Growth,” and “Economic Power and Productive Efficiency in Traditional

Agriculture.” Bhaduri’s common theme focuses on what he alternatively terms

semi-feudal, underdeveloped or traditional agriculture which he characterizes

by the exploitation of agricultural workers (who hold little or no land) by

the landed class through sharecropping and usurious credit arrangements.

According to Bhaduri, because the landlord-cum-moneylender earns income

(extracts surplus) both from his share of the agricultural output and the high

interest on consumption loans he extends his sharecroppers, the landlord has a

reduced incentive to encourage the adoption of technological improvements in

agriculture. Technological innovation, by increasing the income of

sharecroppers, reduces borrowing to meet consumption needs and thus reduces

the landlord-cum-moneylender’s income from his credit extension activities. If

the reduction in interest income exceeds the increase in crop share income,

the landlord-cum-moneylender will not innovate, and agricultural progress

will be stymied.
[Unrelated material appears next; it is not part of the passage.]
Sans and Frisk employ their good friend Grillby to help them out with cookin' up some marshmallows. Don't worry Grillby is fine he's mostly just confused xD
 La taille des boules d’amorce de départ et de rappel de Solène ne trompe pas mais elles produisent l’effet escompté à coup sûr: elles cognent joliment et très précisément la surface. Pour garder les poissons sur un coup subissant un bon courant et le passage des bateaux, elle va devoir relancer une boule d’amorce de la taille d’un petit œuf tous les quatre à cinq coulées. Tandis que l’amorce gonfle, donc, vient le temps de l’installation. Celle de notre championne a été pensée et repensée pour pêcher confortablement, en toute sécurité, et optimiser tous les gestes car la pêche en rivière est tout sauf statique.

In addition Bhaduri argues there are no gains from trade for

the exploited, since sharecroppers are coerced by their usurious credit

agreements to sell their share at harvest when prices are low and then buy

months later when prices are high and credit must again be sought.
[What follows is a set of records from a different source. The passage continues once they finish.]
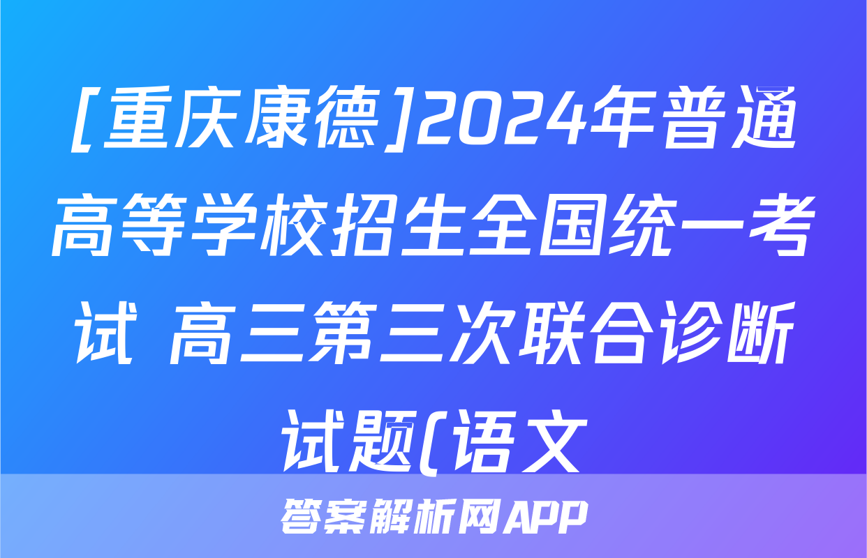 [重庆康德]2024年普通高等学校招生全国统一考试 高三第三次联合诊断试题(语文)正在持续更新,目前2024届最新高考模拟示范卷答案网为大家整理了相关试题及答案,供大家查缺补漏,高效提升成绩。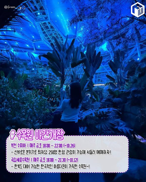 2곳 다 도심 속 수목원으로 접근성도 좋으며 야간개장으로 안 그래도 독특한 식물들이 신비로워보여 여름철 밤데이트코스로 추천드리는데요. 부천 수피아 수목원은 매주 금, 토 2일간 진행해 한 회차당 250명 한정으로 사전 신청으로 방문가능합니다.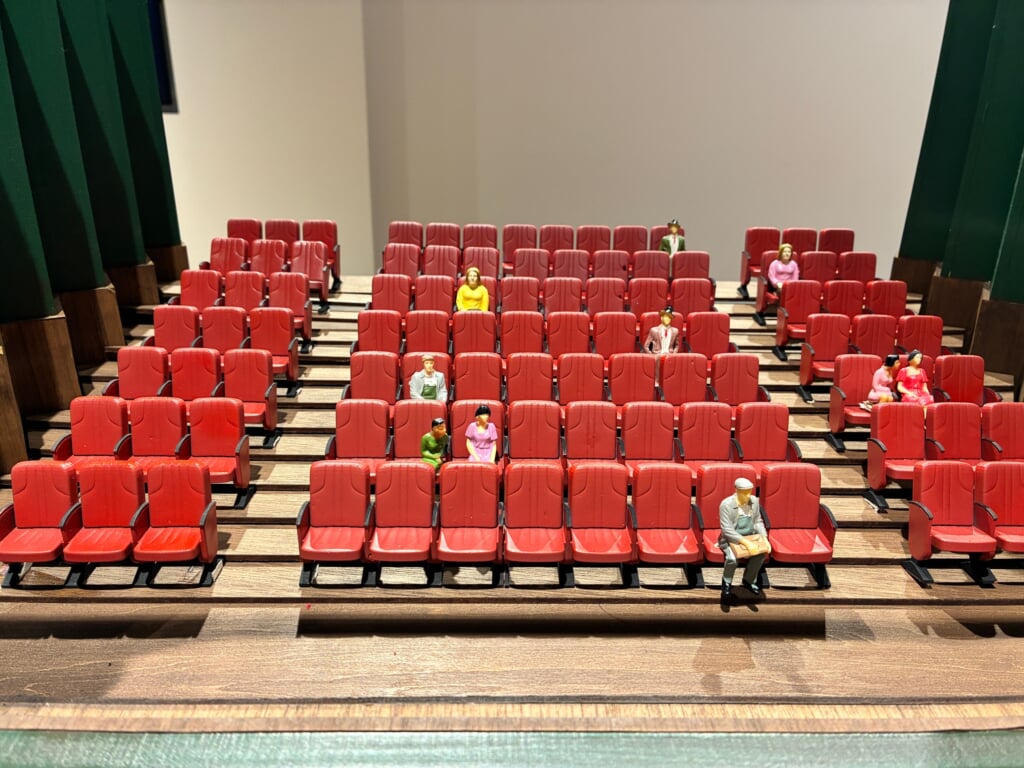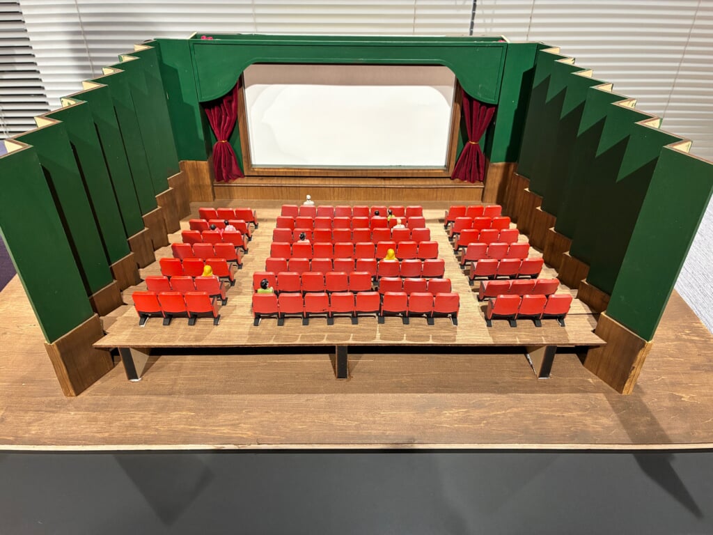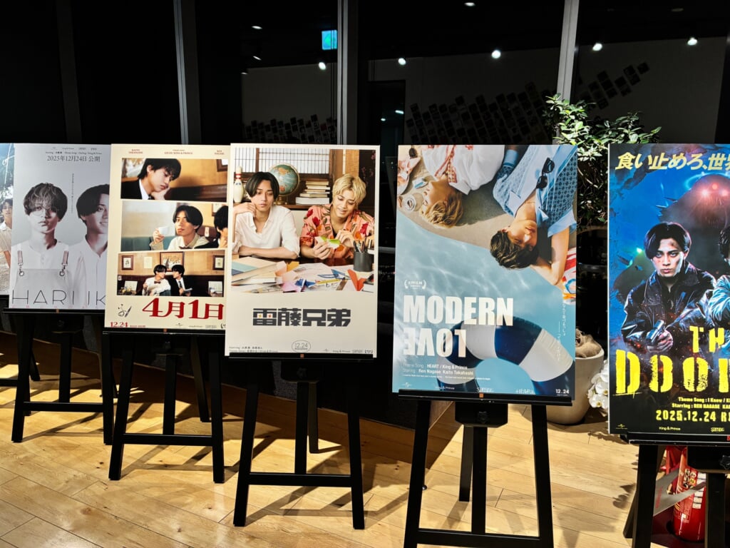 ユニバーサルミュージックのスタッフによると、King & Princeの音楽作品における視聴会の開催は今回が初とのこと。会場へと続く通路には、「Theater」のMVで使用された衣裳やミニチュアの“シアター”、11枚の“映画”ポスターが展示され、入場前から高揚感を演出していた。ポスターは本物の映画館に掲示されていても違和感のない完成度で、1枚ずつ足を止めて見入る記者の姿も多く見られた。

Bhaduri’s theoretical exercises are thorough and, given his assumptions, his

conclusions are reasonable. What’s lacking, however, is empirical backing of

his basic assumptions, empirical testing of his models and concreteness in

time and space. Why is it that only landlords are agents and sharecroppers are

precluded from innovation in his model? Where is the empirical evidence of the

reasonableness of this fundamental assumption of his models? Who comprises the

landlord class and is class an appropriate characterization of post-zamindari

agrarian relations in Bengal, let alone elsewhere in India?
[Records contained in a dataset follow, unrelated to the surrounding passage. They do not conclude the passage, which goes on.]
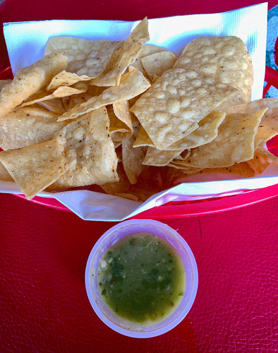 Salsa and a basket of chips reach your table shortly after you do. In days gone by, as many as three salsas accompanied each order and they were always complimentary. The salsa de arbol is the most piquant, but some of its sting is remediated by the infusion of lime. The guacamole based salsa is only mildly piquant but rich in the buttery smooth flavor of well-ripened avocados. The third salsa is rarely seen in New Mexico, but is common in the state of Puebla. It’s salsa de cacahuates con Guajillo, a peanut salsa with chile Guajillo. It may remind you of the peanut sauces so prevalent in Thai foods without the sometimes tooth-decaying sweetness. During a visit in January, 2020, the salsa delivered to my table was a neon green salsa with a pleasant piquancy.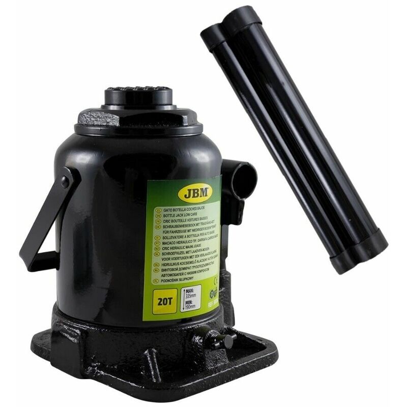 Cric Idraulico a Bottiglia Martinetto Professionale JBM Sollevatore Crick per Auto Furgoni e mezzi con assetto basso ribassato con Portata Massima 20 Ton - 20000 Kg Caratteristiche: Portata massima: 20000 Kg Altezza massima: 335 mm Altezza minima: 190 mm DESCRIZIONE: Struttura sovradimensionata in acciaio ad alta resistenza Base d'appoggio di grandi dimensioni a garanzia della massima stabilità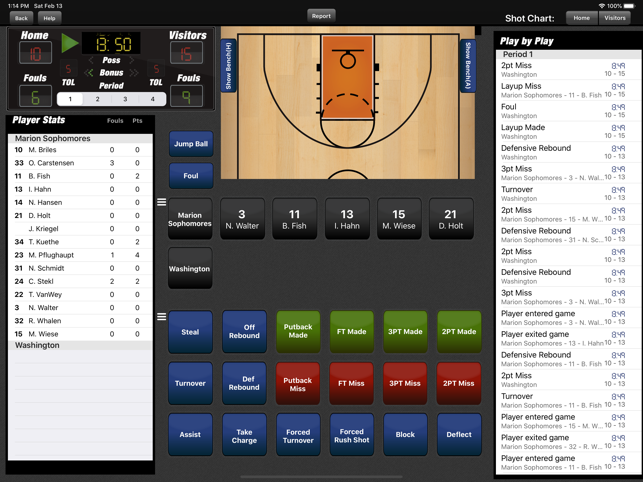 Track LIVE GAME stats and shot charts for a single player, entire team, or multiple teams. Track as little or as much as you want - instantly calculate up to 65 basketball statistics that would take hours without automation -- points in paint, lay up %, EFG%, bad passes, and more.Designed for coaches, parents, fans, statisticians, and players. Minimal touches allow for easy data capture. Innovative player substitution allows you to sub players faster than other apps. Easily undo and delete mistakes. Export and email stats per game, team, league or season (to PC or Mac).Parents can easily track an individual player's stats with streamlined single player input -- and view player efficiency ratings to help identify weaknesses and make improvements. Coaches can view specialized reports (like the Key Game Stat Report) to help make quick game decisions and easily see where the competition is getting the advantage. GENERAL FEATURES-Easy data capture-Optionally track shot locations-T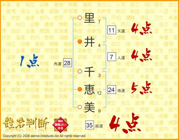 里(7画)井(4画) 千(3画)恵(12画)美(9画)

The second set of “Essays on Capitalism” shares no common theme beyond

Bhaduri’s concluding statement “Lying on the border of ‘theory’ and ‘history’,

economic analysis cannot escape the influence of the arbitrary initial

conditions inherited from history” (p. 189). The first of these essays “Why

Factories?” examines the tension of cooperation and conflict between modes of

production as labor productivity enhancing investments shifted production from

home to factory. It’s an interesting essay and reminds us of the

interdependence of both modes of production for long periods of time. In “Some

Lessons from the Two Economic Systems” Bhaduri explores why socialist systems

collapsed at the end of the twentieth century, and tells a now common story of

the failure of labor productivity to rise in the long run and the rigidity of

a system without political and economic mechanisms to self-correct. In “The

Political Economy of Social Democracy” his goal is to explain the evolution of

economic ideology as political institutions have changed through the expansion

of universal suffrage, the adoption of full-employment and welfare

Keynesianism, and open trade has made “the autonomous conduct of economic

policies by the nation-state, not only difficult, but also exceptionally

risky” (p. 157). “Dangers and Opportunity of Globalization for Developing

Countries” briefly traces the dismantling of regulations on international

capital flows and argues for IMF flexibility as developing nations face acute

difficulty in meeting international payment obligations. His final essay

“Reflections on the Economic Role of the Transformational State” reflects on

the important role the state played in the evolution of market economies and

must play in transition economies in defining rules and providing public


Marcia Frost is Assistant Professor of Economics at Grinnell College and

author of “Coping with Scarcity: Wild Foods and Common Lands: Kheda District

(Gujarat, India), 1824/5,” The Indian Economic and Social History

Review 37:3 (2000).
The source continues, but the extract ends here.